-- DATASET SECTION --
_ _ _ _

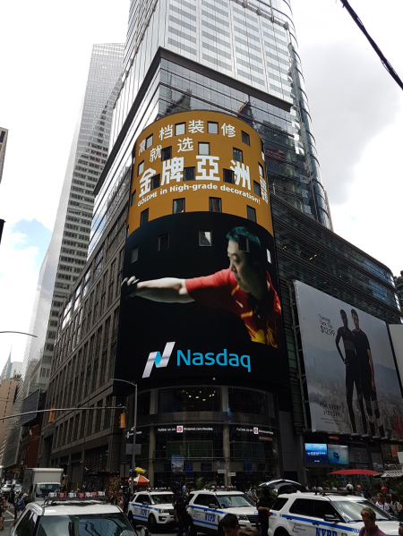 金牌亞洲磁磚“霸屏”美國(guó)紐約時(shí)代廣場(chǎng)
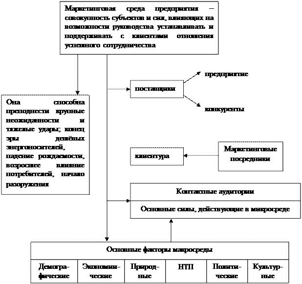 Влияние внешней среды на спрос может быть представлено с помощью моделей, более детально описывающих внешнюю среду. На рисунке 1 приведено описание двух основных компонентов внешней среды: микро- и макросреды, составляющих в совокупности маркетинговую среду предприятия. Микросреда представлена совокупностью активных субъектов и сил, имеющих непосредственное отношение к предприятию, макросреда представлена факторами более широкого социального плана.
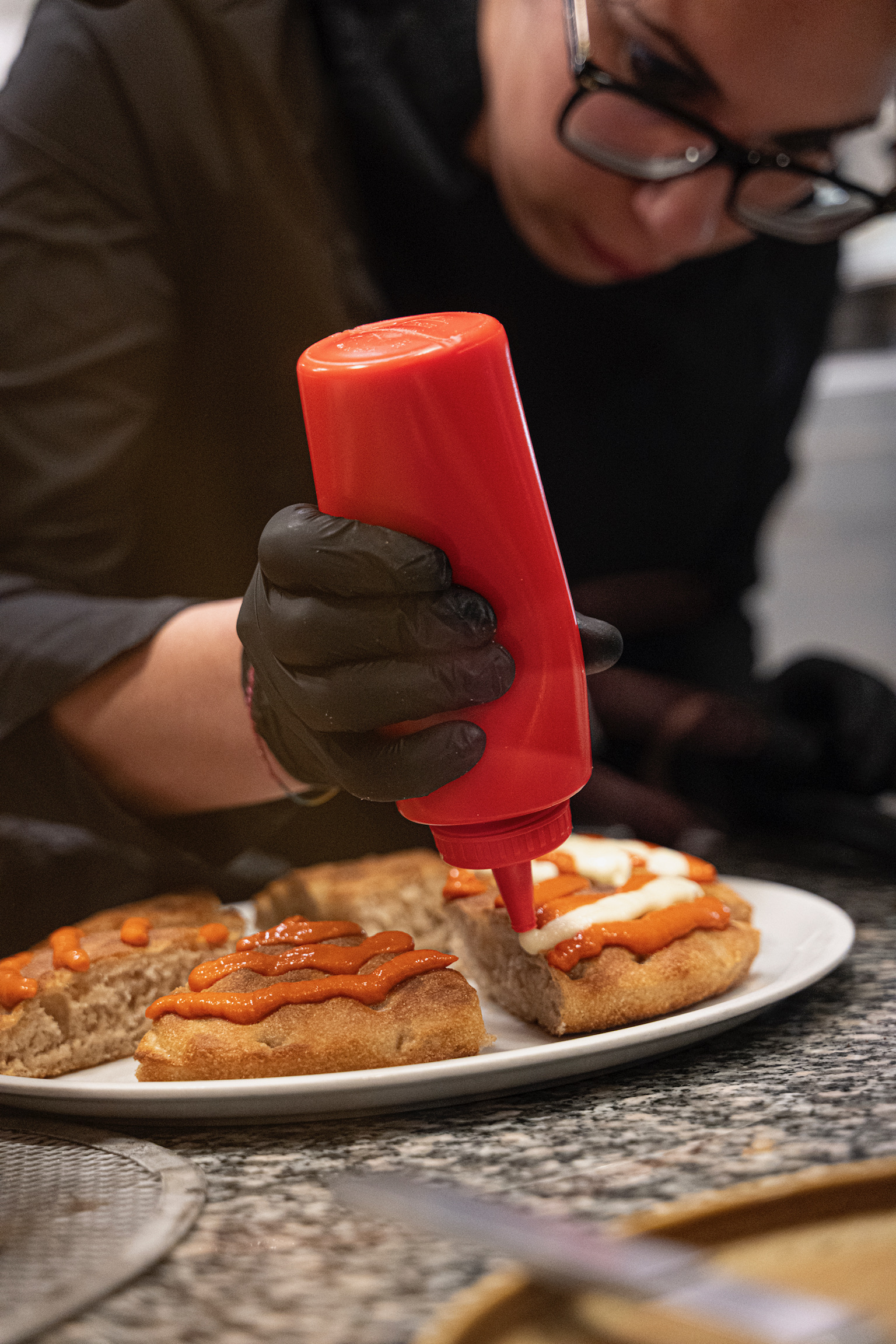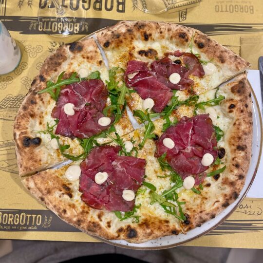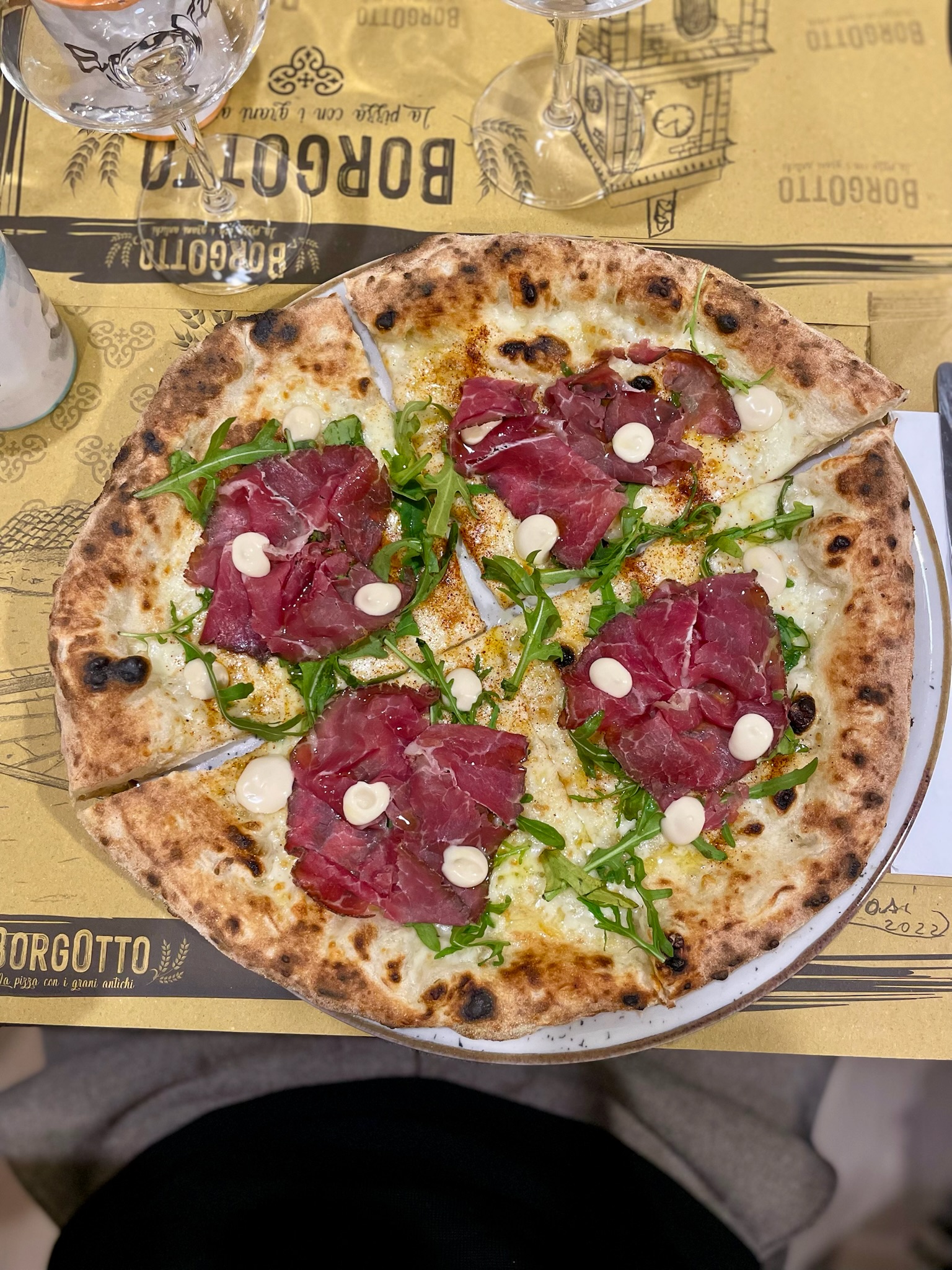 Il menu si articola in varie sezioni: pane agricolo (piatto povero nato dalla tradizione contadina), pizza tonda, riggiola (croccante fuori e morbida dentro), farruoto e dessert. Tra le opzioni di pane agricolo spicca Pane e Sugo fatto con pomodorini di Gragnano, cacioricotta di capra, basilico, olio evo; seguito da Capra e Fichi fatto con prosciutto crudo di Parma, fico bianco sciroppato con zenzero e fili di peperoncino e formaggio spalmabile. Tra le pizze tonde classiche invece, oltre la Margherita, degna di nota è la Scarpariello fatta con pomodorino, parmigiano reggiano, pomodorino del piennolo del vesuvio, pecorino romano, basilico e olio evo. Altre pizze che meritano una menzione sono: La Sinfonia Dell’Agrodolce fatta con cipolla in agrodolce, pancia magra, provola affumicata, fiordilatte, cipolla crispy, cremoso al pecorino e rosmarino; e l’Eccentrica fatta con pomodoro, fiordilatte, funghi champignon freschi, carciofi di Paestum al naturale, olive caiazzane, prosciutto cotto e olio evo. Il padellino Casa Borgotto, fatto con stracciatella di bufala, alici, piennolo del vesuvio semi dry, fiocchi di pomodoro essiccati, bottarga di tonno e olio evo, spicca tra quelli presenti nella categoria FarrUoto ai Grani Antichi.

_ _ _ _

With pictures excluded, the data must be transcribed in full and to the letter.

-- WRITTEN RESPONSE --
 金牌亞洲磁磚“霸屏”美國(guó)紐約時(shí)代廣場(chǎng)
 Влияние внешней среды на спрос может быть представлено с помощью моделей, более детально описывающих внешнюю среду. На рисунке 1 приведено описание двух основных компонентов внешней среды: микро- и макросреды, составляющих в совокупности маркетинговую среду предприятия. Микросреда представлена совокупностью активных субъектов и сил, имеющих непосредственное отношение к предприятию, макросреда представлена факторами более широкого социального плана.
 Il menu si articola in varie sezioni: pane agricolo (piatto povero nato dalla tradizione contadina), pizza tonda, riggiola (croccante fuori e morbida dentro), farruoto e dessert. Tra le opzioni di pane agricolo spicca Pane e Sugo fatto con pomodorini di Gragnano, cacioricotta di capra, basilico, olio evo; seguito da Capra e Fichi fatto con prosciutto crudo di Parma, fico bianco sciroppato con zenzero e fili di peperoncino e formaggio spalmabile. Tra le pizze tonde classiche invece, oltre la Margherita, degna di nota è la Scarpariello fatta con pomodorino, parmigiano reggiano, pomodorino del piennolo del vesuvio, pecorino romano, basilico e olio evo. Altre pizze che meritano una menzione sono: La Sinfonia Dell’Agrodolce fatta con cipolla in agrodolce, pancia magra, provola affumicata, fiordilatte, cipolla crispy, cremoso al pecorino e rosmarino; e l’Eccentrica fatta con pomodoro, fiordilatte, funghi champignon freschi, carciofi di Paestum al naturale, olive caiazzane, prosciutto cotto e olio evo. Il padellino Casa Borgotto, fatto con stracciatella di bufala, alici, piennolo del vesuvio semi dry, fiocchi di pomodoro essiccati, bottarga di tonno e olio evo, spicca tra quelli presenti nella categoria FarrUoto ai Grani Antichi.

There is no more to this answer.